IPSec Driver Matching an IP Filter List

When a packet matches a filter, the IPSec driver applies the filter action. When a packet does not match any filters, the IPSec driver passes the packet back without modification to the TCP/IP driver to be received or transmitted.

If the filter action permits transmission, the packet is received or sent with no modifications. If the action blocks transmission, the packet is discarded. If the action requires the negotiation of security, main mode and quick mode SAs are negotiated.

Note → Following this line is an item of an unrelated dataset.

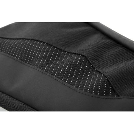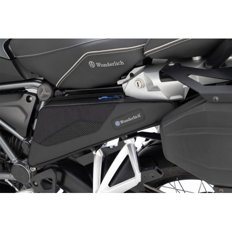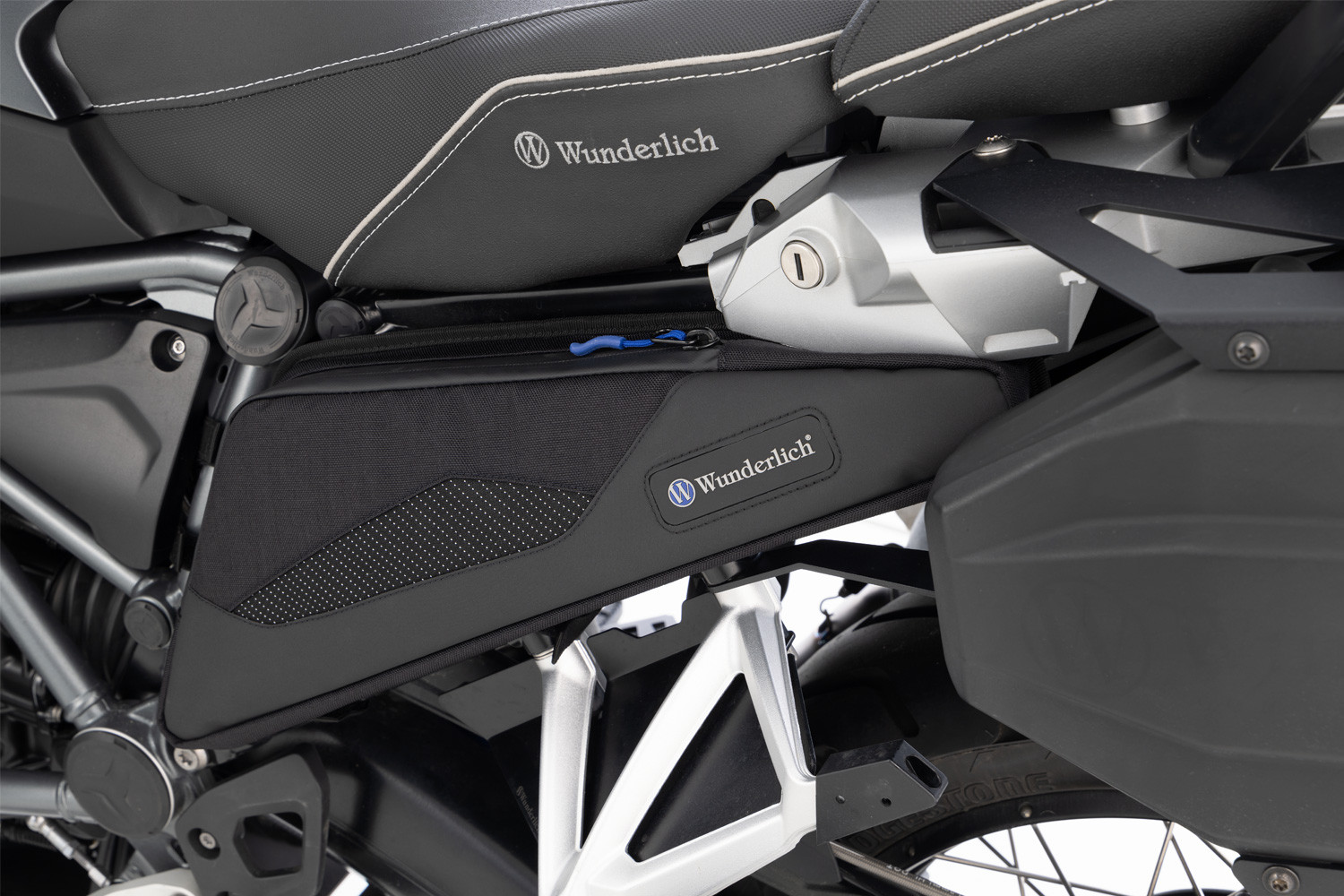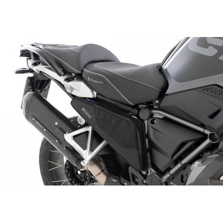 Rámové tašky v tejto súprave zapôsobia svojim efektívnym dizajnom, udržateľnými látkami a výrobnými procesmi, ako aj ďalej optimalizovanou funkčnosťou. Dve praktické vrecká vyrobené z dokonale prepracovaného materiálu CORDURA® TrueLock™ ponúkajú ďalší priestor pre všetko, čo treba mať na dosah, ako sú nástroje alebo obväzy. Zároveň zatvoríte otvor v zadnom ráme vpravo a vľavo a dotvoríte vzhľad svojho GS tak, že teraz pôsobí, akoby bol vyrobený z jedného kusu. Zabezpečuje tiež ochranu vodiča a spolujazdca pred striekajúcou vodou. Montáž v blízkosti ťažiska je obzvlášť výhodná pre neutrálne jazdné správanie. Najmä pri použití v teréne. Bez akéhokoľvek obmedzenia slobody pohybu vodiča a spolujazdca. S logom značky Wunderlich.

The negotiated quick mode SA and keys are used with both outbound and inbound processing. The IPSec driver stores all current quick mode SAs in a database. The IPSec driver uses the SPI field to match the correct SA with the correct packet.

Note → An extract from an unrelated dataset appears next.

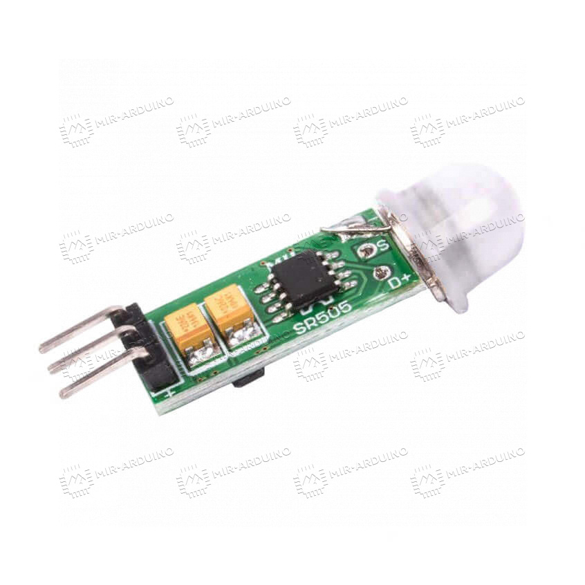 Инфракрасный датчик движения HC-SR505 устанавливается в осветительные системы, выполненные на платформе Ардуино. С помощью датчика можно регулировать подсветку в помещении или на улице, он может применяться в охранных системах и другой автоматике. Выполнен в виде печатной платы с зафиксированным на ней датчиком, может легко интегрироваться в различные устройства. Датчик срабатывает только на движение человека, на выходе сигнал продолжается порядка 8 секунд. Угол зоны обнаружения может достигать 100°. Есть три выхода для подключения – земля, сигнал, питание.

When an outbound IP packet matches the IP filter list with an action to negotiate security, the IPSec driver queues the packet and then notifies IKE, which begins security negotiations with the destination IP address of that packet. If several outbound packets are going to the same destination and match the same filter before IKE has finished the negotiation, then only the last packet sent is saved.

The following sections describe the basic inbound packet and outbound packet processing that the IPSec driver performs in transport mode.

Inbound packet processing

The following figure illustrates this process.

Basic Inbound Packet Process

Note

• The inbound packet process applies only to local host unicast traffic (traffic with the unicast destination address of the host) when there is an active IPSec policy.

Basic inbound packet processing for transport mode occurs in the following sequence:

1. IP packets are sent from the network interface to the TCP/IP driver.

2. The TCP/IP driver sends the IP packet to the IPSec driver.

3. If the inbound packet is IPSec-protected, the IPSec driver looks up the SA in the SAD.

4. If the inbound packet is not IPSec-protected, the IPSec driver checks the packet for a filter match by looking up the filters in the SPD.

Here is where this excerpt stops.